Pour un commentaire plus développé voir: le mythe de Prométhée, commentaire détaillé.

 

Idées générales :

 

  La première partie révèle que l'homme est une espèce naturelle au même titre que les plantes et les animaux. Tous se distinguent des dieux en ce qu'ils sont mortels. Ils naissent, croissent et meurent. Leur existence se déploie dans le temps à la différence des dieux qui sont immortels.

  Et pourtant l'espèce humaine se distingue des autres en ce qu'elle est victime de l'imprévoyance d'Epiméthée. Le répartiteur des dons la constitue négativement comme celle qui manque des attributs propres à assurer naturellement sa conservation. L'homme est un animal démuni, condamné à disparaître si on devait en rester là.

   De fait il est dépourvu de l'équipement naturel permettant aux autres espèces de s'adapter à la nature. Il n'est pas doté d'outils et d'un instinct c'est-à-dire d'un savoir-faire inné, caractéristiques plaçant la condition animale sous le signe de la perfection et l'inscrivant dans la pure naturalité.

   L'intervention de Prométhée et d'Hermès met en scène la différence spécifiquement humaine. Pour réparer l'étourderie de son frère (Epiméthée signifie étymologiquement : celui qui pense après coup. L'imprévoyant) le titan Prométhée (celui qui pense avant) va voler à Héphaïstos et à Athéna le feu.

Le feu est l'outil universel, en particulier l'outil à faire des outils. C'est donc l'intelligence.
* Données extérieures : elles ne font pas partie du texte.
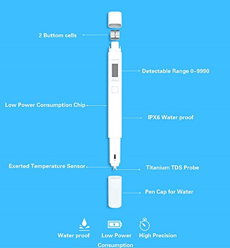 Feature : AUTOMATIC CALIBRATION ensures accurate readings of your homes water supply for the life of your Happy Hydro Digital TDS Meter. / MEASURES CONTAMINANTS IN WATER with just 1 click. Know the Total Dissolved Solids present in water, to 9990ppm, with the easy-to-read LCD display on this 6" pen-style TDS meter. Accurate to /- 2%. / AUTO SHUT-OFF FUNCTION preserves the life of 2 LR44 batteries. Our TDS Meter self-calibrates to ensure accuracy of readings. Storage cap protects probe when not in use. / WATERPROOF DESIGN makes the Happy Hydro TDS Pen great for hydroponics, aquaponics, salt water fish tanks and anywhere else that you need to monitor for the presence of metals or plant nutrients in water. Rated IPX6 waterproof. Effective between 32 F and 176 F degrees. / PORTABLE the mini TDS meter is very convenient to take and use.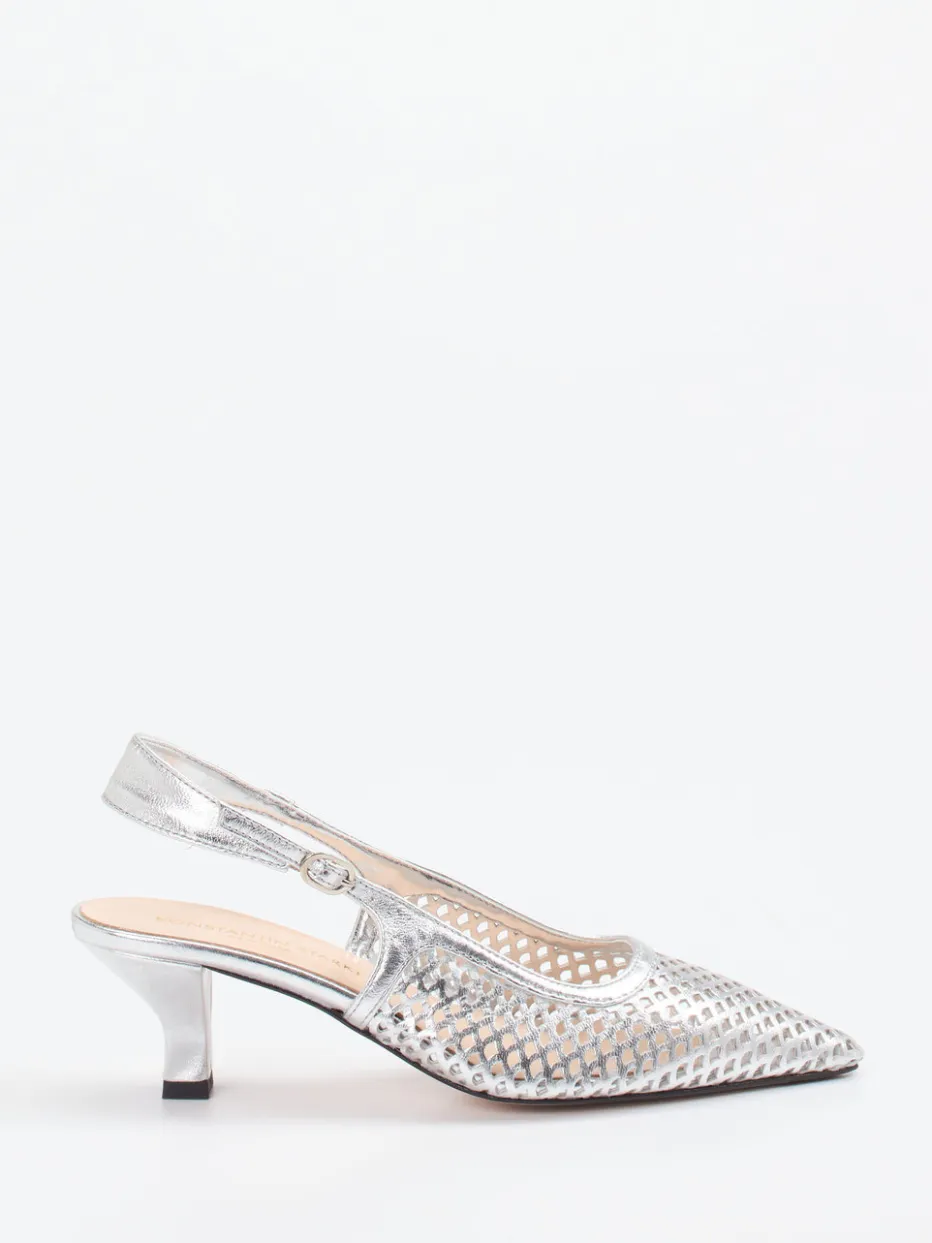 Für stilvolle Anlässe bei warmen Temperaturen konzipiert, begeistert der Slingback-Pump mit seinem metallisch glänzenden Obermaterial aus silberfarbenem Metallicleder. Die spitz zulaufende Form in Kombination mit Mesh-artigem Lochmuster wirkt feminin und raffiniert zugleich. Der Kitten Heel sowie der verstellbare Fersenriemen mit Schließe sorgen für eine komfortable Passform. Inspiriert vom Y2K-Trend und doch klar minimalistisch, passt der Look perfekt zu Party-Outfits oder eleganten Ensembles.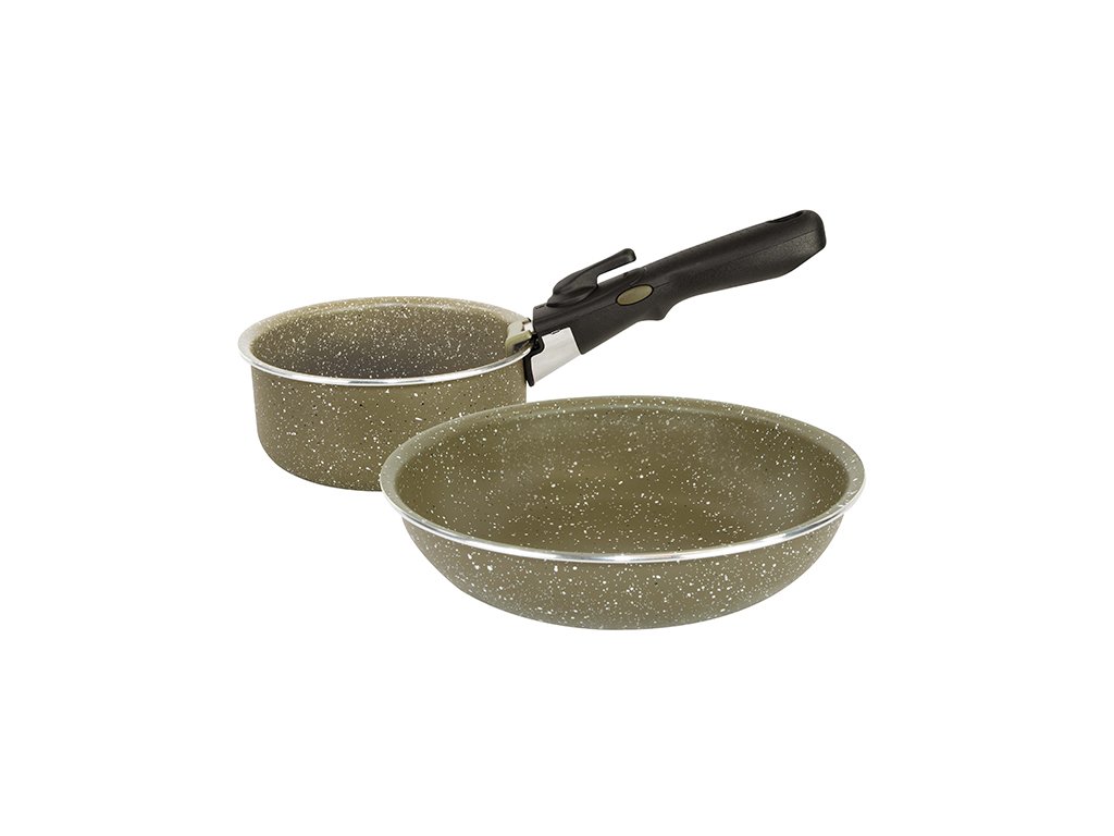 Medium – sada obsahuje hrnec (ø18 × 7,8cm), pánev (ø24 × 5cm) a rukojeť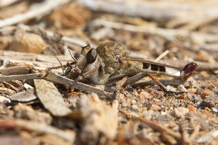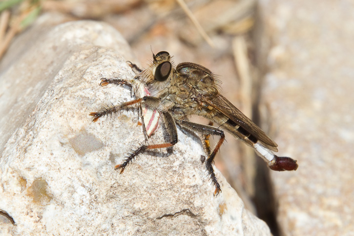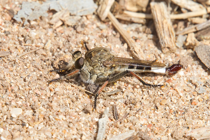 | The robbers on this page are Efferia albibarbis. The one on the right was in Austin, Travis Co., Texas, in June, 2005. | ![]() |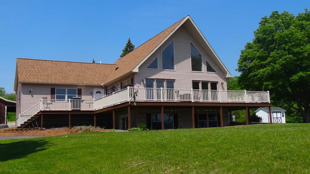 The panoramic views of the West Side of Cayuga lake in the popular Sheldrake sitting on the deck or in the living room are stunning and breathtaking. 110' of Shoreline with dock and boat hoist to enjoy. 2010 A Frame home with inviting open floor plan with views from every turn. Cathedral ceilings with a master bed/bath loft on the second floor. Mater bed/bath on main level. Newly, Full finished walkout basement with kitchenette and 2 beds/full bath for guests to have their own privacy Situated in the Heart of the Beautiful Fingerlakes where you are minutes away from Ithaca and wineries. SQARE FOOTAGE DOES NOT INCLUDE THE FULL FINISHED WALKOUT BASEMENT. THE ASSESSMENT CURRENTLY DOES NOT REFLECT WITH THE RESIDENTIAL HOUSE ON THE TAX RECORD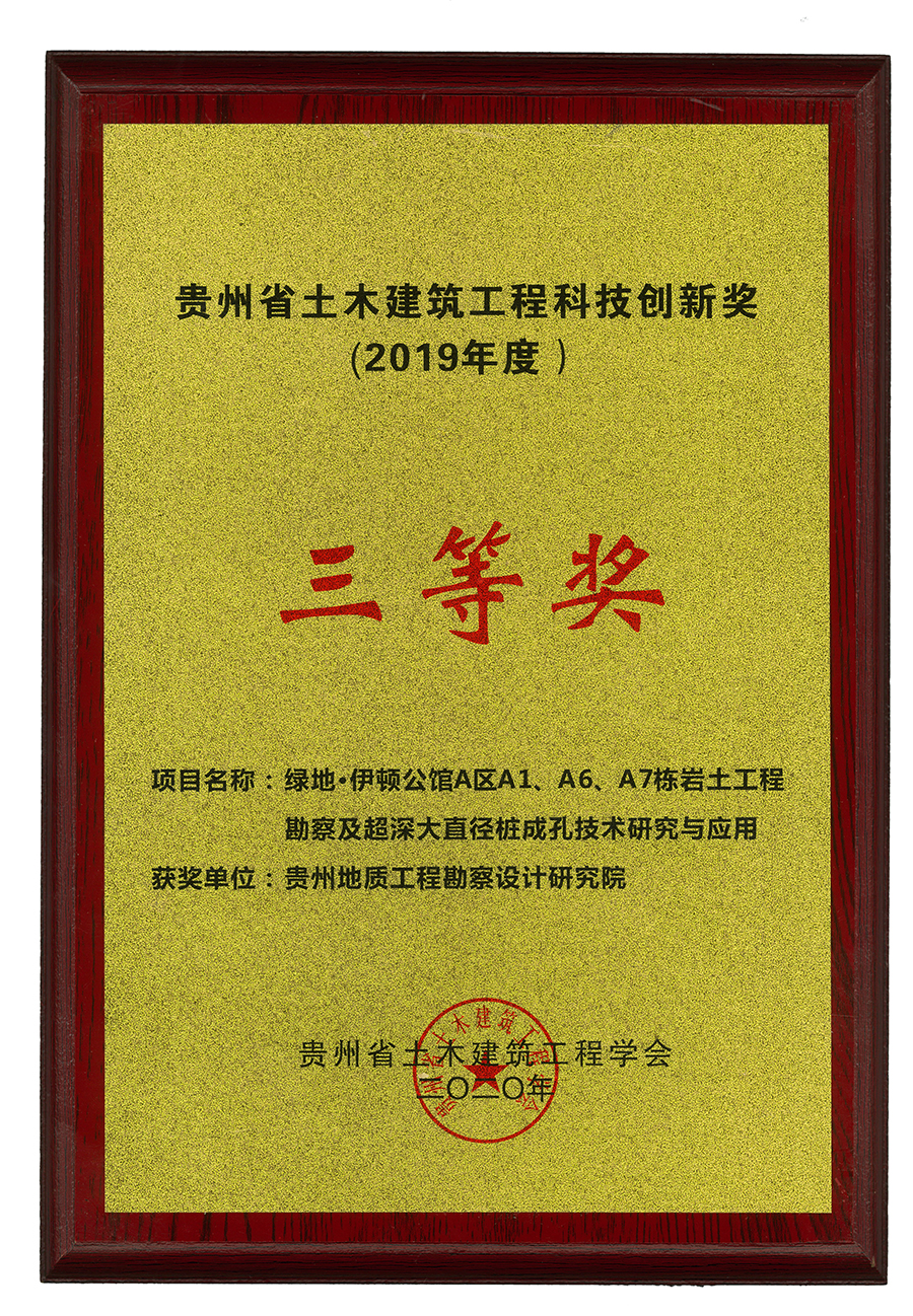 近日,从贵州省土木建筑工程学会传来喜讯,贵州省地矿局111地质大队下属企业贵州地质工程勘察设计研究院(以下简称省地勘院)申报的《绿地•伊顿公馆A区岩土工程勘察及超深大直径桩成孔技术研究与应用》荣获2019年度贵州省土木建筑工程科技创新奖三等奖。

   Mais dans ce premier acte de la genèse de l'humanité, l'intelligence est l'intelligence technicienne ou la raison instrumentale. Prométhée n'a pas eu le temps, ni le pouvoir de pénétrer dans l'acropole de Zeus pour dérober le génie politique et moral. Il faudra une seconde intervention divine, celle d'Hermès, le messager de Zeus, pour donner aux hommes le sens de la pudeur et de la justice sans lequel aucune cité ne peut s'instituer.
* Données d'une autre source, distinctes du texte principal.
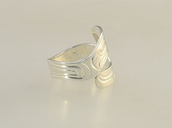 LOT 317 Kwagiulth Ring Monogrammed SS (Solomon Seward) 2023, Size 9 1/4, 4.32 Grams, "Whale". Estimate: $80 - $100 Sold For: $70 Auction Date: Tuesday, May 28 2024 at 4:00 PM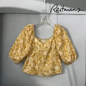 NWOT, Reitmans, Yellow Cropped Floral Blouse, Small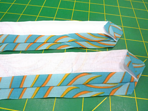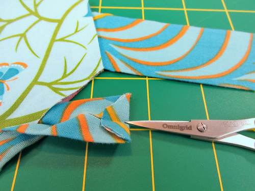 NOTE: If you struggle with turning ties right side out, take a look at our tutorial: Turning and Pressing Skinny Straps and Ties.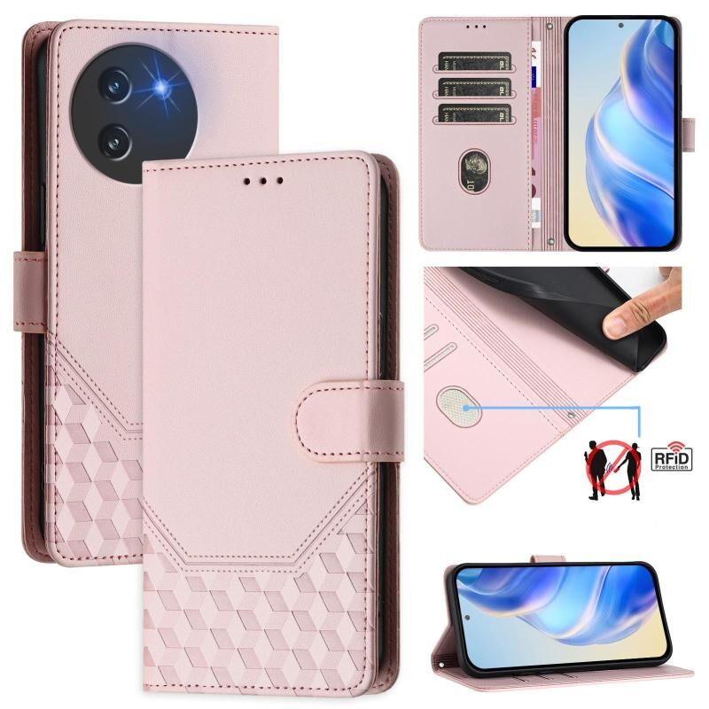 Θήκη τηλεφώνου από δέρμα RFID με ανάγλυφο κηρήθρας για Doogee Note 59 / Note 59 Pro (ρόζ)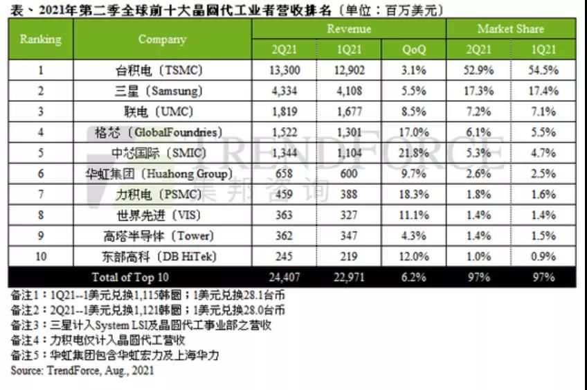 排名第三的联电受惠 PMIC、TDDI、Wi-Fi、OLED 驱动 IC 等需求,产能严重供不应求,持续对客户涨价,加上价格较高的 28/22nm 新增产能陆续开出,带动第二季平均售价上涨约 5%,营收达 18.2 亿美元,季增 8.5%,市占大致持平在 7.2%。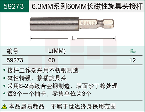 世达(SATA)3件套6.3MM系列60MM长磁性旋具头接杆货号59273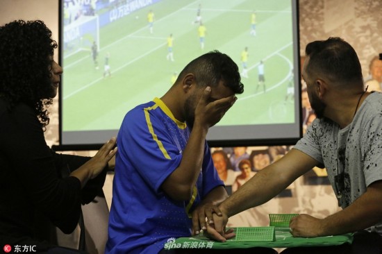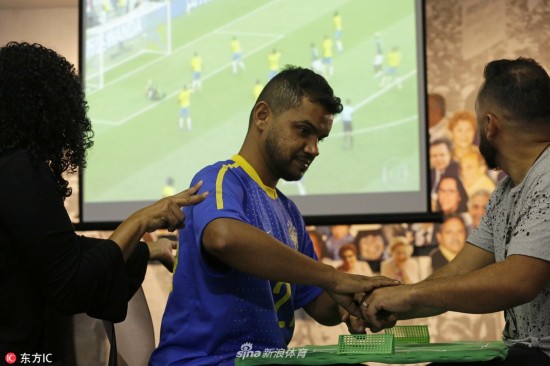 当地时间2018年7月2日,巴西圣保罗,巴西足球人人参与,圣保罗聋盲人体验世界杯。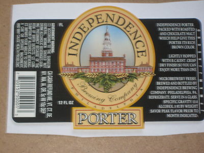 Title (ebay affiliate link): US.w.oct.II.U.S.A INDEPENDENCE BREWERY-PHILADELPHIA.nr.42.beer label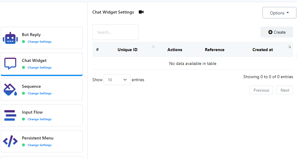 2. داخل Telegram Bot Manager، حدد قسم `Chat Widget` وانقر على زر `إنشاء`.

  Le mythe disjoint deux aspects de la raison humaine, deux génies, littéralement deux parts divines : la dimension technique et la dimension morale. J'interrogerai le sens et l'enjeu de cette distinction dans le cours sur la technique.

   Prométhée et Hermès donnent aux hommes des capacités qui sont d'abord des privilèges divins. Par là le mythe signifie que l'homme revêt une dimension de supériorité propre à lui conférer un statut d'exception dans la création. Il constitue comme tel un des fondements de l'humanisme occidental.

  « L'humanisme fonde l'homme en l'isolant dans la nature et en l'autonomisant en droit ; l'homme est autosuffisant et puise sa légitimité et son fondement dans la raison : homo-sapiens est peut-être issu de la nature mais par sa Sapience il échappe à la nature » Edgar Morin.

   L'homme ainsi doté est alors décrit comme un producteur de culture. Il va être agriculteur, tisserand, forgeron, technicien en un mot. Mais aussi, inventeur de religions, de langues, d'arts, d'organisations sociales. Tous les aspects du fait social sont nommés.

  Le mythe anticipe sur les découvertes paléontologiques car ces dernières établissent que partout où il y a homme, il y a langage, technique, art, religions, institutions etc.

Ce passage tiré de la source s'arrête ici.